2022-01-14 09:45:59 +00:00 · 2022-01-14 09:45:59 +00:00 · de62d2df65
parent 3fe597a5f2 2a27e8bdbb
commit de62d2df65
2 changed files with 89 additions and 89 deletions
--- a/deployment/nova/nova-api-container-puppet.yaml
+++ b/deployment/nova/nova-api-container-puppet.yaml
@ -59,17 +59,6 @@ parameters:
    default: 0
    description: Number of workers for Nova services.
    type: number
-  EnforceSecureRbac:
-    type: boolean
-    default: false
-    description: >-
-      Setting this option to True will configure each OpenStack service to
-      enforce Secure RBAC by setting `[oslo_policy] enforce_new_defaults` and
-      `[oslo_policy] enforce_scope` to True. This introduces a consistent set
-      of RBAC personas across OpenStack services that include support for
-      system and project scope, as well as keystone's default roles, admin,
-      member, and reader. Do not enable this functionality until all services in
-      your deployment actually support secure RBAC.
  KeystoneRegion:
    type: string
    default: 'regionOne'
@ -95,12 +84,6 @@ parameters:
    default: 'public'
    description: Default pool for floating IP addresses
    type: string
-  NovaApiPolicies:
-    description: |
-      A hash of policies to configure for Nova API.

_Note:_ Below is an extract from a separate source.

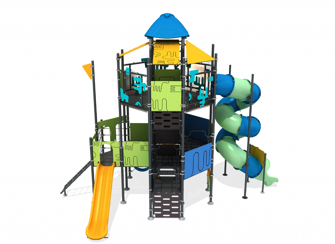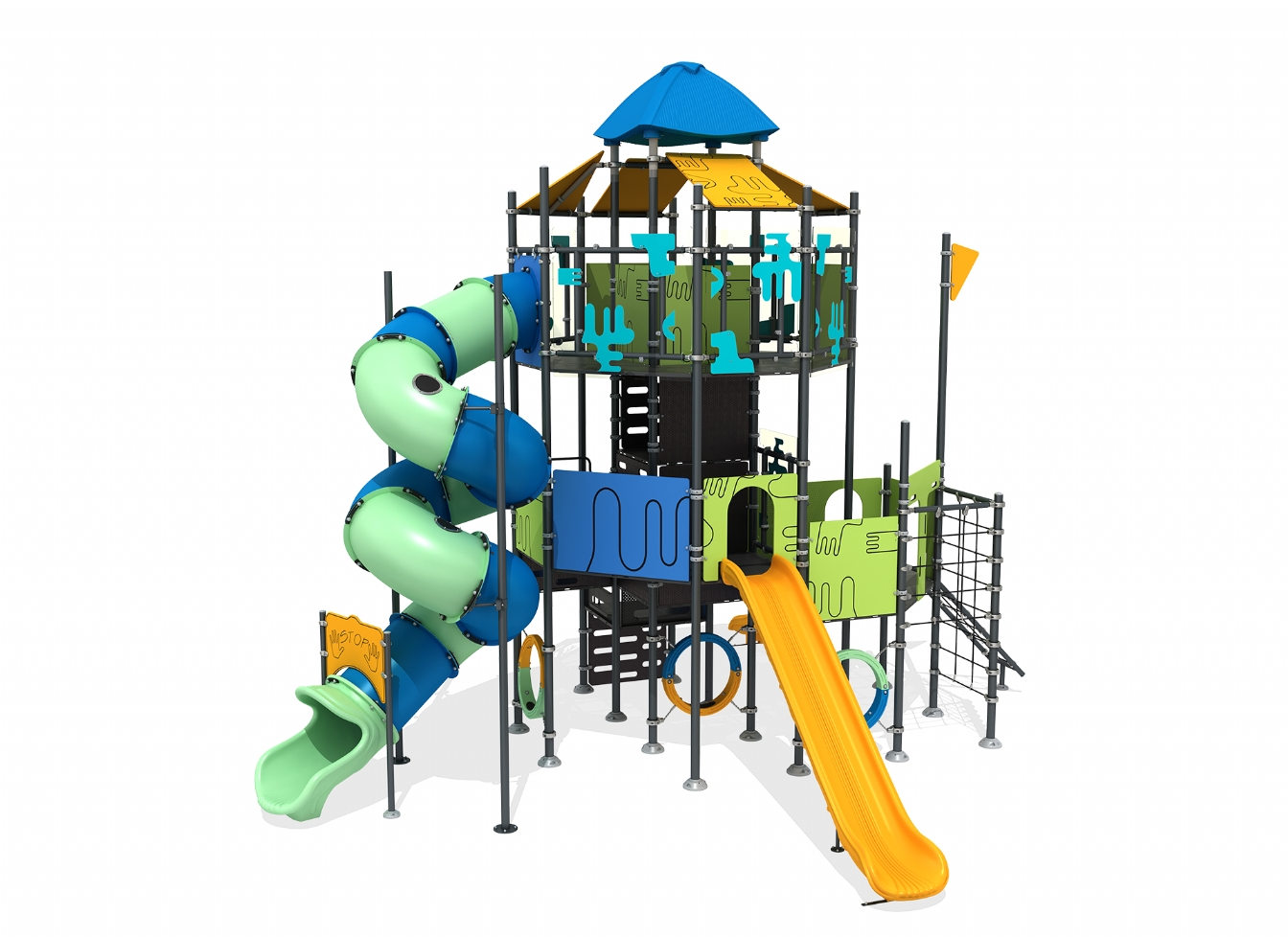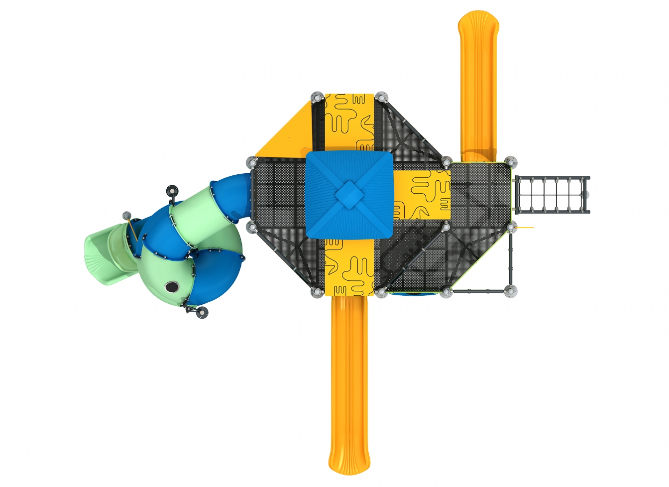 Lekställning Marina i metallprofil, polykarbonat och marinplywood för offentlig miljö.

-      e.g. { nova-context_is_admin: { key: context_is_admin, value: 'role:admin' } }
-    default: {}
-    type: json
  NovaAllowResizeToSameHost:
    default: false
    description: Allow destination machine to match source for resize.
@ -247,46 +230,6 @@ parameters:
    description: |
      Use the advanced (eventlet safe) memcached client pool.
    default: true
-  NovaRestrictLiveMigration:
-    type: boolean
-    description: |
-      Restrict live migration by limit access to 'os_compute_api:os-migrate-server:migrate_live'
-      api policy to the NovaLiveMigrationRole role. This can be used to
-      disallow the default admin role use live migration.
-      Additional policies specified using NovaApiPolicies get merged with this
-      policy.
-    default: false
-  NovaRestrictLiveMigrationRole:
-    description: |
-      Name of the user role which gets set to limit live migration when
-      NovaRestrictLiveMigration is enabled.
-    default: 'live-migration'
-    type: string
-  NovaShowHostStatus:
-    type: string
-    description: |
-      Allow overriding API policies to access the compute host status in the
-      requested Nova server details. The default value 'hidden' allows only admins to
-      access it. Setting it to 'all' ('unknown-only') without additional fine-grained
-      tuning of NovaApiHostStatusPolicy shows the full (limited) host_status
-      to the system/project readers.
-    default: 'hidden'
-    constraints:
-      - allowed_values: ['all', 'unknown-only', 'hidden']
-  NovaApiHostStatusPolicy:
-    description: |
-      A custom API policy for os_compute_api:servers:show:host_status and
-      os_compute_api:servers:show:host_status:unknown-only.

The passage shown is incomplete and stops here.